James: Dudley Laws stung and inspired a - TopicsExpress



          

James: Dudley Laws stung and inspired a generation _____________ Dudley Laws is easier to deal with today. A warrior on Toronto’s front lines for justice has taken his rest. Easier for white folks to acknowledge. Easier for the police to recognize. Easier for black folk to embrace. Easier for Toronto to understand. Laws lies in a Toronto morgue, his unrelenting voice stilled by disease and death after 76 years of intractable vigilance and action against racism and injustice. “No justice, no peace,” Brother Dudley repeated, until it became a rallying cry. His causes were just; maybe he’s found peace.
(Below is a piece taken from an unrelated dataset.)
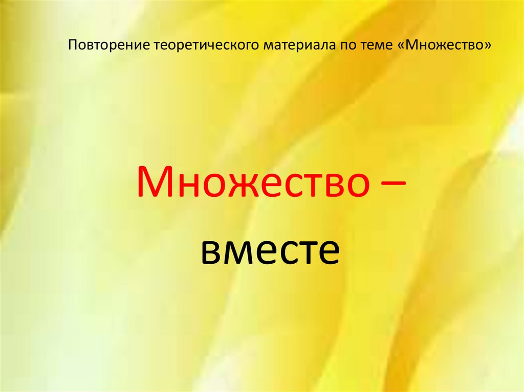 Повторение теоретического материала по теме «Множество»Множество –
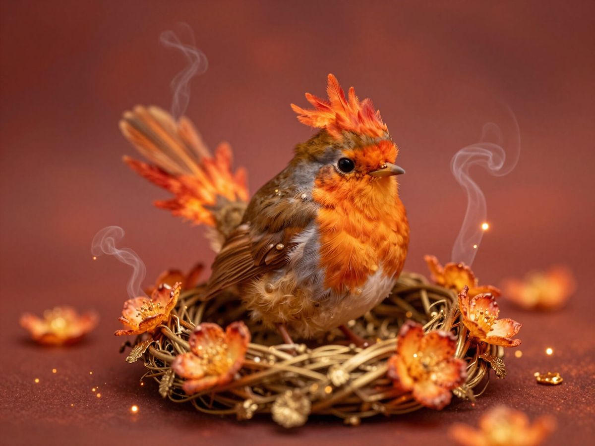 This image shows a tiny, fluffy baby phoenix emerging from a nest of molten gold and ember flowers, with soft crimson and orange hues in the background. The art style is gentle and warm.

Laws’ words stung and unsettled so many during Toronto’s most tumultuous times in the late ’70s and 1980s and early 1990s that his name singularly turned quiet conversations into raging debates and accusations and denials about anti-black racism and police brutality. And if his rhetoric didn’t disturb, his very visage did. The black beret. The graying, then white, beard. The straight back along a stiff spine. The uncompromising news clips. The nose-to-nose confrontation outside police headquarters. The young black men at his side, reminiscent of Malcolm X, Black Muslims, Black Panthers . . . quiet fire raging below controlled anger.